■ AIM OF THE EXERCISE
Nothing but the lines from the one with "Speiseplan vom 23. – 27.März 2026" down to the one with "Method 1: Enter" should be returned, exactly and with both ends included, from the material below.
(DATA PROVIDED Opens)
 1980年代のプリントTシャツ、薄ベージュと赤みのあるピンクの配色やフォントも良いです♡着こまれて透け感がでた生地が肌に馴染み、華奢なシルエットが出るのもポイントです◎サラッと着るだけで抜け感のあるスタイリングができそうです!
(DATA PROVIDED Closes)
(DATA PROVIDED Opens)
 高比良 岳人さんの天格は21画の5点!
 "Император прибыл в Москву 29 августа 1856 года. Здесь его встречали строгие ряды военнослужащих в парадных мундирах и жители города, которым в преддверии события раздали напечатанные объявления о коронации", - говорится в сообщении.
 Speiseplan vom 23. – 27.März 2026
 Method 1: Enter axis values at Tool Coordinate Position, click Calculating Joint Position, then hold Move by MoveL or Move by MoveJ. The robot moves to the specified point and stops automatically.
(DATA PROVIDED Closes)
(DATA PROVIDED Opens)
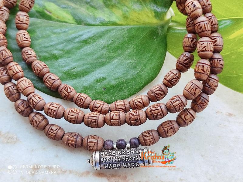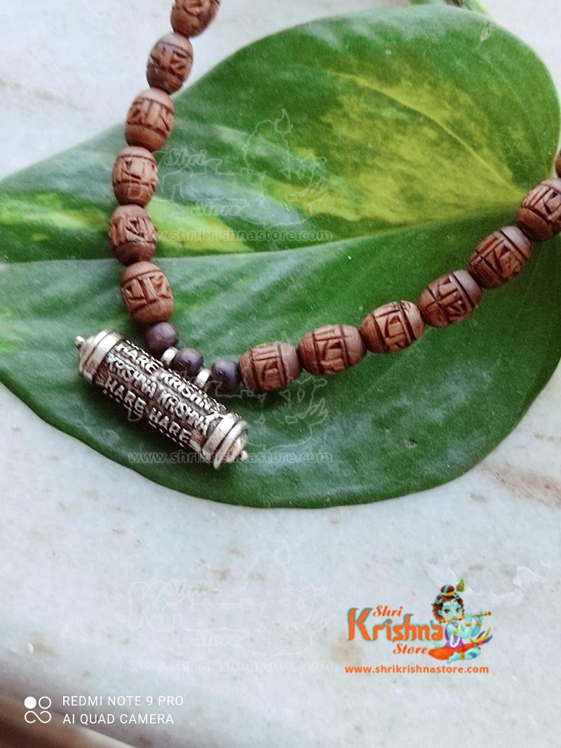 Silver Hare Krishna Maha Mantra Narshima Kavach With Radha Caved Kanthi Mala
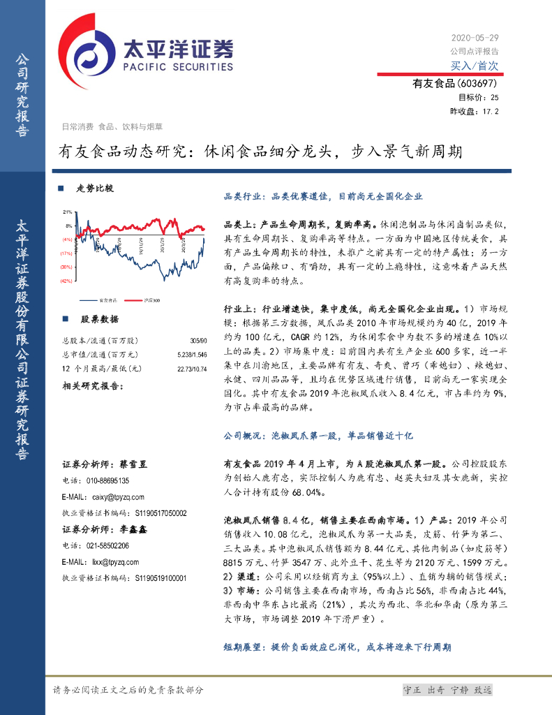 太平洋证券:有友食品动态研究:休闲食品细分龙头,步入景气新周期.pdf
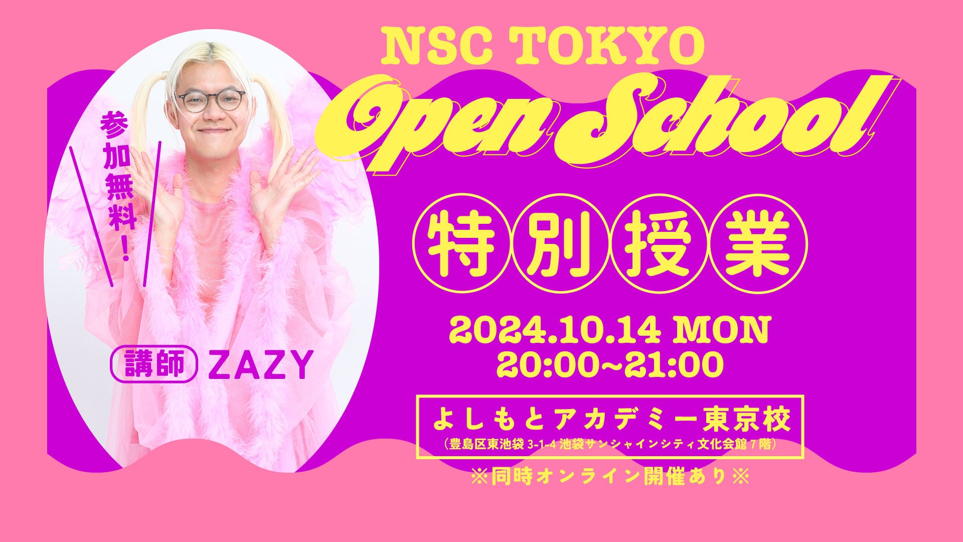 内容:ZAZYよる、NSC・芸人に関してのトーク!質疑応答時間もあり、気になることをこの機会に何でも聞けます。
(DATA PROVIDED Closes)
■ OUTPUT BELOW
 Speiseplan vom 23. – 27.März 2026
 Method 1: Enter axis values at Tool Coordinate Position, click Calculating Joint Position, then hold Move by MoveL or Move by MoveJ. The robot moves to the specified point and stops automatically.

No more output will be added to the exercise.